Кухня выглядела пыльной и заброшенной - пивные банки, чашки, тарелки. Он подумал, что, если смотреть на дверь холла, появится Лена. И он смотрел, пока не потекли слёзы… Должен же существовать какой-то обратный, живительный поворот ключа, чтоб бывшее стало небывшим? Почему ключ всегда открывает в одну лишь сторону? Почему не вернуть Лены с Катей? Зачем все рождённое движется к смерти? А сам он - отложенное гниение.
Пиво ударило в голову. Стало проще. Он прождал целый час - нет, не бандиты, не оперы. Вероятно, кто-то иной. Девяткин, сняв галстук и пиджак, с лопатой прошёл в холл, открыл чёрный ход, прислушался. Тишь… Глянул на аллею, идя по которой, упрёшься сперва в стену с пиками, а за ней - в труп Лены. Он приготовил и табурет - перелезть через стену. Катю он решил зарыть близ Лены. Сегодня он не был способен набольшее. Вымотался. Сдох. Ему жутко, мучительно хотелось спать - по крайней мере, казалось, что удастся заснуть. Только бы спрятать труп! Выспавшись, он решит, что делать… Впрочем, было трудно заставить себя пойти наверх. Он долго смотрел снизу в дверь спальни, потом решил ещё выпить.
Предстоящее казалось омерзительной, подневольной работой. Пройдя наверх, он отворил спальню, щёлкнул выключателем, увидел лист с утренним письмом Лены и, прежде чем подойти к шкафу, захватил с кровати покрывало. Катю он хотел зарыть в чистом. Он расстилал покрывало, сосредотачиваясь на деталях и думая лишь о том, чтоб расстелить ровно. Справившись, двинулся к шкафу… Он протягивал к нему руку, когда дверь за его спиной открылась и кто-то, повалив его, заломил ему руки, сунул головой в мешок и повёл, трясущегося, вниз, к выходу, а затем к дороге. Его подталкивали, он часто падал, но его опять поднимали и тащили. Никто ничего не сказал - ни слова! - ни он, ни те, кто тащил. Он утопал в хаосе мыслей и чувств, пока его не швырнули в салон машины, которая резко тронулась с места. Езда в любом случае давала ему время: десять минут до Жуковки или час до Москвы без пробок.

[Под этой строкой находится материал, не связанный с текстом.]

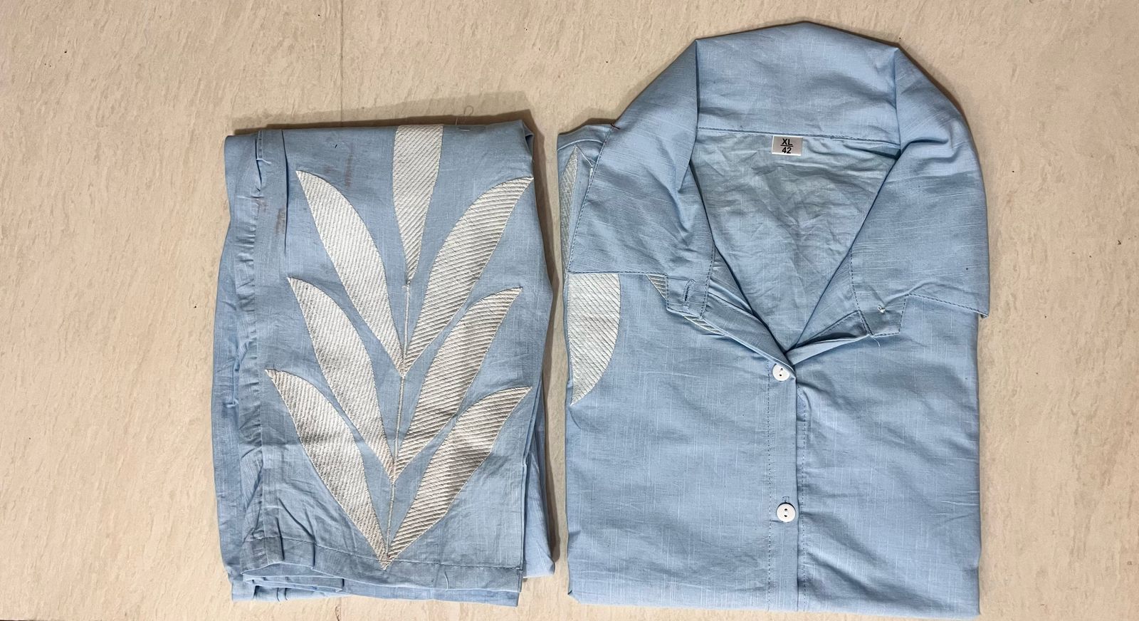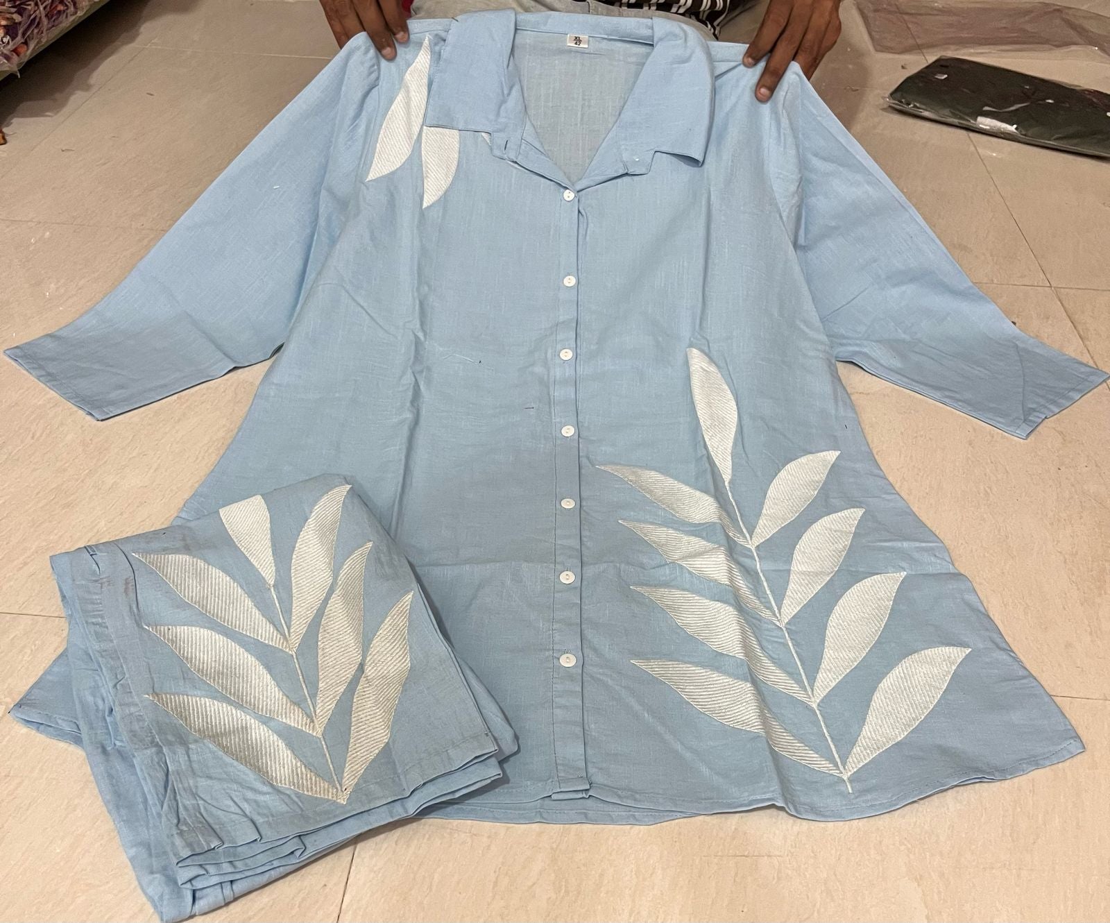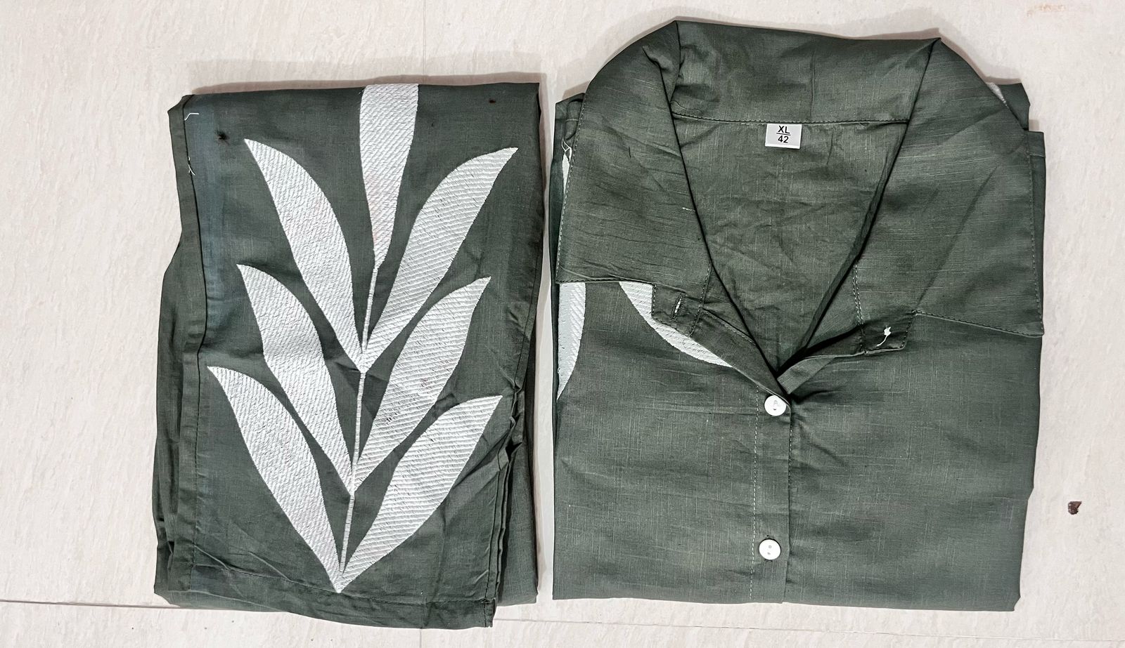 Style: Contemporary shirt-style co-ord sets with botanical leaf print

Всё разрешилось. Не будет ночных кошмаров. Не нужно утром маяться на распутье, не нужно решать, как быть. Он попал в пасть законов и устоев. Желал вернуться к норме - так и вышло. Им занялась служба контроля за нравственностью. Он теперь в жестких рамках, о которых можно только мечтать. Каждый шаг его регламентирован. Ему уже отмеряют жизнь порционно - наручниками и мешком на морде. Ткань на вдохе прилипала - выдох её отрывал от ноздрей и рта. Сомкнутые руки ломило. Слева и справа качки нарочно сжимали его. Изредка рация разражалась треском оперативных вызовов. Он хотел в туалет, но знал, что просить напрасно. Вместо этого будут бить…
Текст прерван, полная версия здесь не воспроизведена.